Mathematical model for delayed responses in immune checkpoint blockades
Collin Y. Zheng, Peter S. Kim

TL;DR
This paper presents a mathematical model using ODEs to simulate delayed immune responses in checkpoint blockade therapy, highlighting the delicate parameter conditions needed for such delays and their implications for tumor immune evasion.
Contribution
The study introduces a novel ODE-based model that captures delayed immune responses in checkpoint blockade therapy, emphasizing the importance of precise parameter calibration.
Findings
Delayed responses occur in a narrow parameter space.
Short-lived anti-tumour T cell storms can break the delay.

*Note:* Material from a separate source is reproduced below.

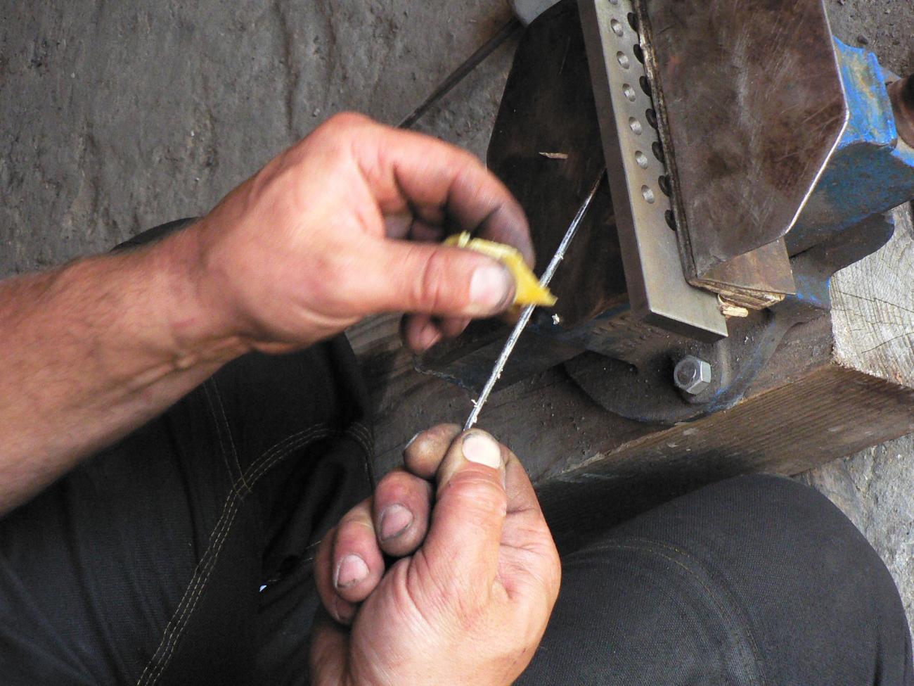 With these experiences, another Store Dyrehave billet (57 g) originating from the same bloom was forged into two thin rods (12.4 and 16.1 cm in length) in five and six heats, respectively (See Figure 6.). As the smiths expected difficulty from the slag-laden iron and anticipated that hardening would occur during the draws, they decided to reduce the friction by rubbing the wire with beeswax after each annealing and filing (See Figure 7). The rods could then be drawn through three holes. The short piece broke, but both fragments were subsequently drawn through the 2.5 mm hole. The longer of the two rods was drawn to almost double its length (25.7 cm). Next, the smiths used two billets from a bloom with 0.05 carbon and 0.2% phosphorus. These had a lower slag content than that found in the Store Dyrehave iron. The billets came from bog iron ore sourced in Guldforhoved. The first billet (65 g) was forged into two thin rods of 9.1 and 10.4 cm in five heats, which were drawn through three (up to 2.5 mm) and six (up to 2.2 mm) holes in the drawplate, respectively.

Tumors may survive in hostile immune environments.
Abstract
We introduce a set of ordinary differential equations (ODE) that qualitatively reproduces delayed responses observed in immune checkpoint blockade therapy (e.g. anti-CTLA-4 Ipilimumab). This type of immunotherapy has been at the forefront of novel and promising cancer treatments over the past decade and was recognised by the 2018 Nobel Prize in Medicine. Our model describes the competition between effector T cells and non-effector T cells in a tumour. By calibrating a small subset of parameters that control immune checkpoint expression along with the patient's immune-system cancer readiness, our model is able to simulate either a complete absence of patient response to treatment, a quick anti-tumour T cell response (within days) or a delayed response (within months). Notably, the parameter space that generates a delayed response is thin and must be carefully calibrated, reflecting the…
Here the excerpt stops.